A Agência Nacional de Energia Elétrica (Aneel) anunciou, nesta terça-feira (15), uma redução média de 3,71% nas tarifas da EDP, concessionária responsável pelo fornecimento de energia em 19 cidades do Vale do Paraíba. Essa nova tarifa entrará em vigor a partir de 23 de outubro.
Para os clientes de Alta Tensão, como indústrias e grandes varejistas, a redução será de 5,31%. Já os pequenos comércios e residências, que são considerados consumidores de baixa tensão, terão uma diminuição de 2,93% em suas contas.
Por exemplo, uma família que pagava R$100 na conta de luz verá sua fatura reduzir para R$97,05. Desse total, R$22,21 serão destinados à EDP, representando 22,9% da nova fatura, e usados para cobrir custos operacionais e investimentos na rede de distribuição. Outros R$37,04 irão para despesas com geração e transmissão de energia, enquanto R$37,81 serão alocados para encargos setoriais, impostos e tributos, correspondendo a 38,2% e 38,9%, respectivamente, do novo valor.
A EDP esclareceu que os novos índices são resultado da diminuição nos custos de encargos setoriais e gastos com transmissão de energia. “A contribuição para o índice negativo de reajuste foi influenciada pela redução dos custos com transmissão (-1,22%), encargos setoriais (-1,42%) e componentes financeiros negativos (-1,04%) devido ao crescimento do mercado”, afirmou a concessionária.

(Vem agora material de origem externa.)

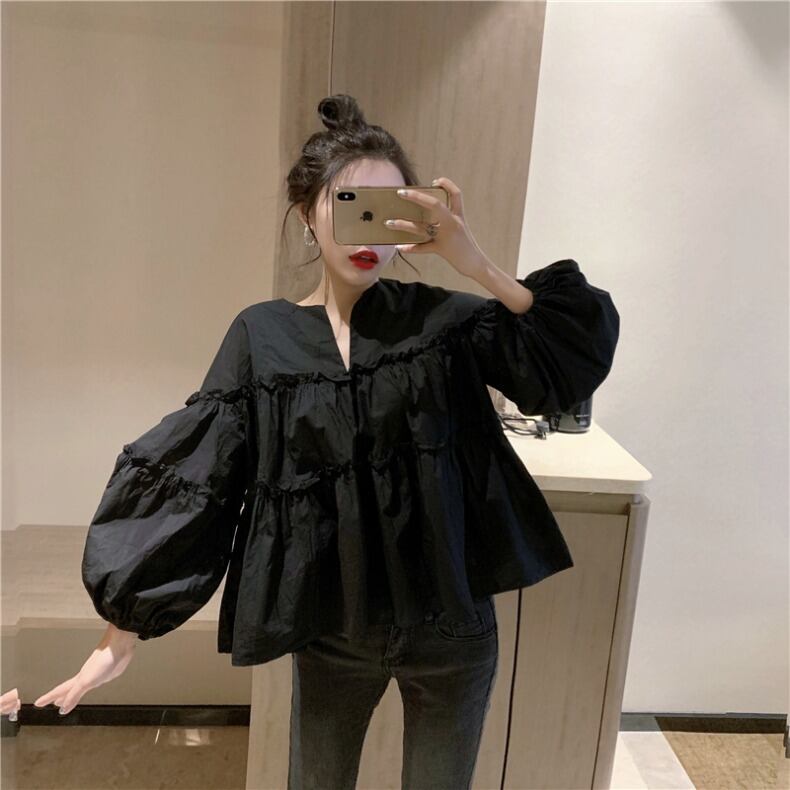 トップス レディース シャツ ブラウス プルオーバー ティーアード ショート丈 袖あり 長袖 ノーカラー キーネック ボリューム袖 バルーンスリーブ ぽわん袖 無地 トレンド ゆったり ビッグシルエット 大きいサイズ オーバーサイズ 大きめ フレア 体型カバー 着痩せ 薄手 大人可愛い かわいい カジュアル フェミニン ガーリー 韓国 エレガント キュート おしゃれ お洒落 春 秋 送料無料 お出かけ デート 女子会 学生 普段着 着回し 黒 ブラック フリーサイズ 10代 20代 30代 40代

As cidades atendidas pela EDP na região incluem:
- Aparecida
- Caçapava
- Cachoeira Paulista
- Canas
- Caraguatatuba
- Cruzeiro
- Guaratinguetá
- Jacareí
- Jambeiro
- Lorena
- Monteiro Lobato
- Pindamonhangaba
- Potim
- Roseira
- Santa Branca
- São José dos Campos
- São Sebastião
- Taubaté
- Tremembé
Apesar do reajuste, a bandeira tarifária vermelha patamar 2 está ativa neste mês de outubro. Isso implica uma cobrança adicional de R$ 7,87 a cada 100 quilowatt-hora (kWh) consumidos, um aumento em relação a setembro, quando a bandeira era vermelha patamar 1.
De acordo com a Aneel, a bandeira patamar 2 foi acionada devido ao risco hidrológico, ocasionado pela baixa pluviometria, e ao aumento no preço de referência da energia, reflexo da seca.